Important Prerequisites

Pre-existing Tables Only: This node does not create new Delta tables automatically. The table must already exist at the specified Delta Lake Table Path with a defined schema. If the table is not found during initialization, the workflow will fail.

One can create new or import existing delta tables in the Data Assets section.

Schema Validation: Incoming data is strictly validated against the existing Delta table's schema.

Storage & Authentication

The node supports various storage backends. You must provide the correct credential type for your chosen storage path.

Storage ProviderPath SchemeRequired Credential TypeNote
AWS S3s3:// or s3a://Username/PasswordUsername = Access Key ID
Password = Secret Access Key
Google Cloud (GCS)gs://GCP CredentialSupports Service Account JSON Keyfile or Access Token.
Azure Blob (ADLS)abfs://API KeyThe API Key is the Storage Account Key.
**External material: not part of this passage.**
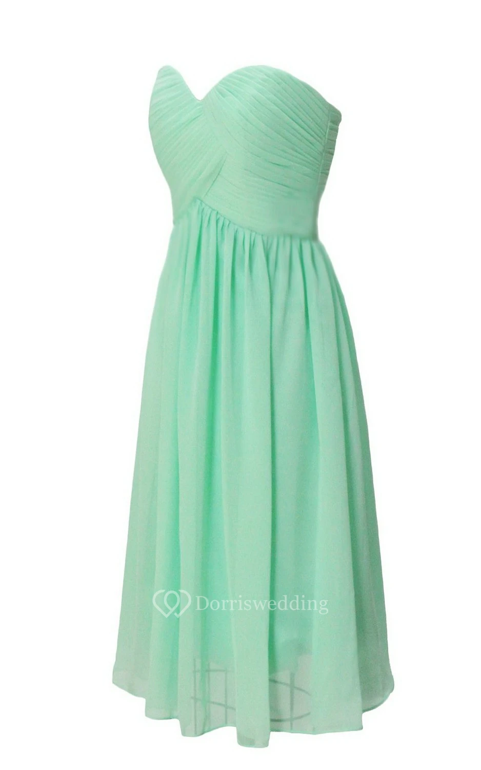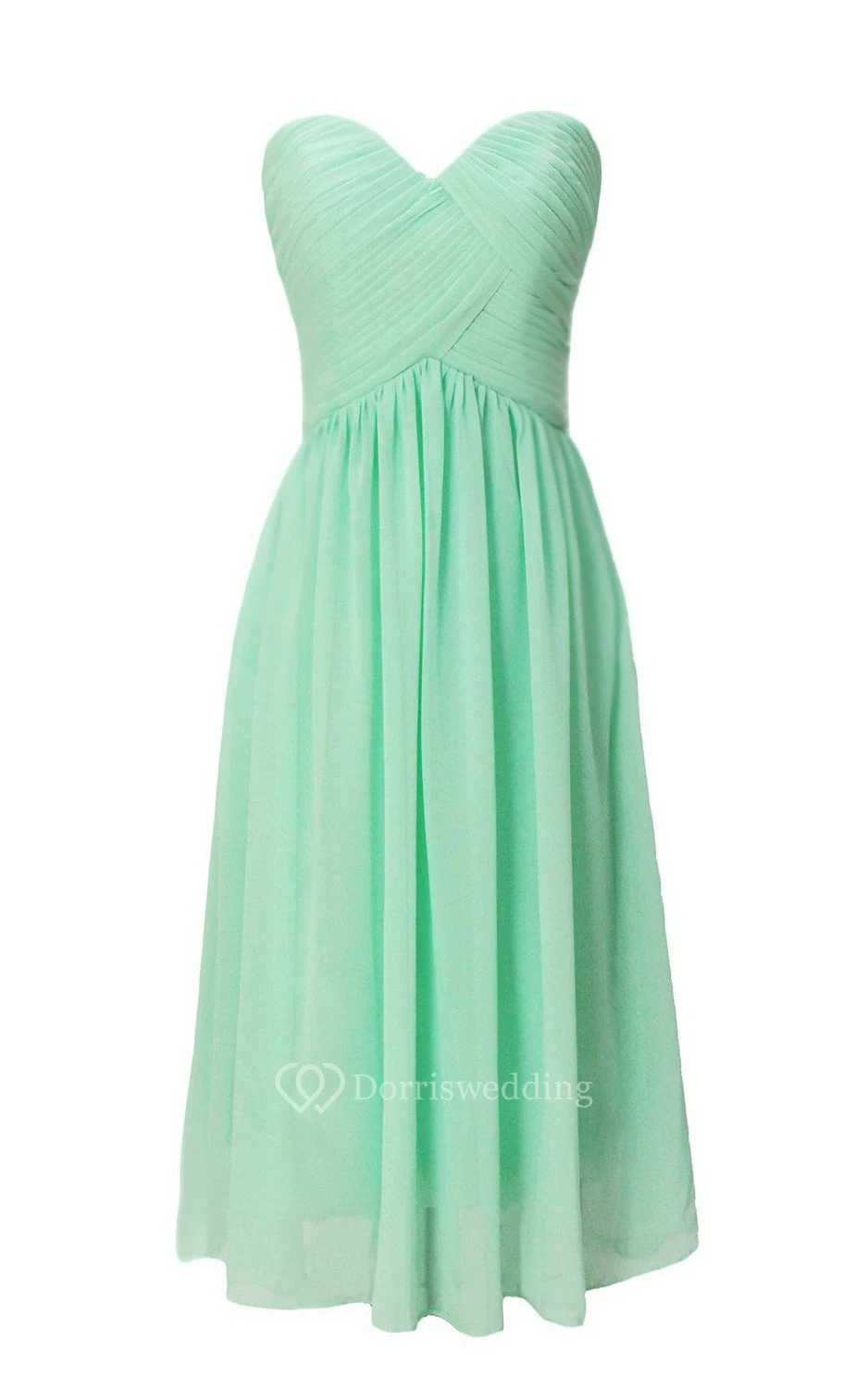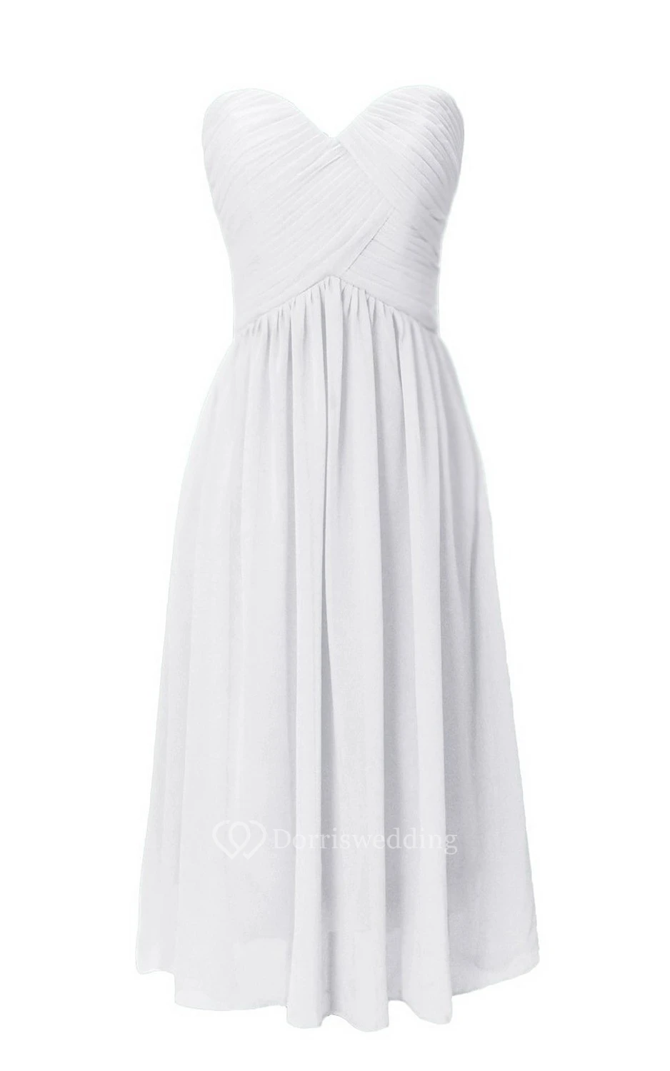 Sweetheart Asymmetrical Ruched Knee-length Chiffon Dress

The system attempts to extract the account name from the URL.
HDFShdfs://NoneConfigure authentication via the Hadoop Configuration section directly.

When to use the Delta Lake Sink

  • Choose Databricks Sink if you are building business-critical tables that analysts query immediately, and you want the safety and ease of Databricks Unity Catalog governance.
  • Choose Delta Lake Sink if you are building a raw data landing zone, are sensitive to compute costs, or need to write data to storage that isn't strictly coupled to a Databricks workspace.